This chart is the Mains only overlaid on the Sub + Mains chart. I can't find the sub only chart, but it is virtually identical to the one posted above.

Did you mean for me to measure each main separately?


----------



## brucek (Apr 11, 2006)

Well, you can see that the main that you posted alone above enjoys the same dip and peak as the mains+sub. That says that the offending dip and peak isn't an interaction between that main and sub, nor is it likely an interaction between that main and the other main. This leaves the culprit as that main and the room. You want to see what the other main alone looks like. If it doesn't exhibit this dip and peak, then you can assume that the other main needs to be moved a bit.

Anyway, you get the idea of the process of elimination. It's a lot of measuring. You can see why I recommended REW.

brucek


----------



## joorge (Jan 21, 2009)

Thanks Bruce. Those are both mains. I didn't measure them separately, but did ask if I should. Sorry for the confusion. I think I understand how to proceed.

I'll do some more measuring tomorrow and let ya know what happens.
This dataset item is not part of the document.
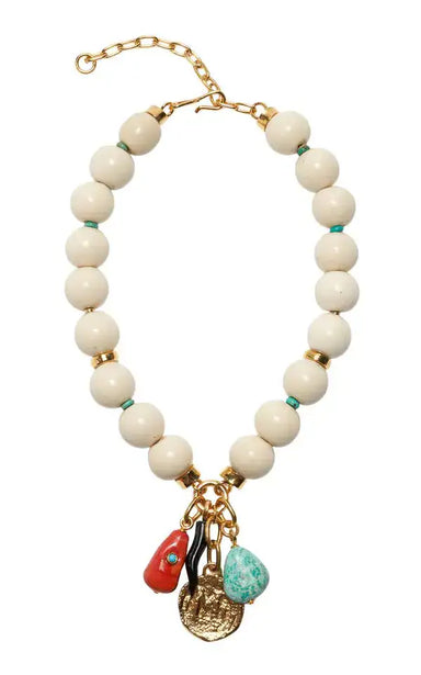 Find your beach bliss in a mixed-medium statement collar necklace with recycled bone, turquoise, flame-worked emerald-colored glass, crystal quartz...

I wouldn't argue about how nice it would be to have REW do all of the work. It's not too bad doing it manually for one sub. Each test takes about 10 minutes to complete and enter in REW. It will get old in a hurry if I keep building subs.


----------



## brucek (Apr 11, 2006)

> Those are both mains.


Yeah OK. I think you get the idea though. Measuring two mains doesn't reveal where the problem is. If you do each main by itself, you might find both mains alone measure fairly good, revealing that it's their interaction between themselves that is the problem. If only one measures bad, then it's that speaker and the room that is the problem.....etc, etc..

brucek


----------



## joorge (Jan 21, 2009)

I tried to run the mains independently. I get no sound with just one. Apparently the receiver requires both of them.
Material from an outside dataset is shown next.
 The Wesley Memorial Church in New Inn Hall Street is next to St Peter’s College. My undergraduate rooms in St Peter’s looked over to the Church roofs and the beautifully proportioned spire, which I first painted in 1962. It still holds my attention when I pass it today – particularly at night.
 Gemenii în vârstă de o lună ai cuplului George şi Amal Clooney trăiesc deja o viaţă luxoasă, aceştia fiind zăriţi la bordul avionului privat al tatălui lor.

I have tested 10 different speaker locations (both mains) in the problem frequency band. Most of them didn't do much at all. Three show promise, and the difference is quite noticeable.

I'll do some full range testing when I get a chance. It looks like that peak at 145 is a room effect. Nothing seems to budge it. Here's a chart of Both mains with the testing overlaid.


----------



## brucek (Apr 11, 2006)

> I tried to run the mains independently. I get no sound with just one. Apparently the receiver requires both of them.


Just feed the left or right channel separately with your tone to get a single main.

brucek


----------



## joorge (Jan 21, 2009)

Duuh.


----------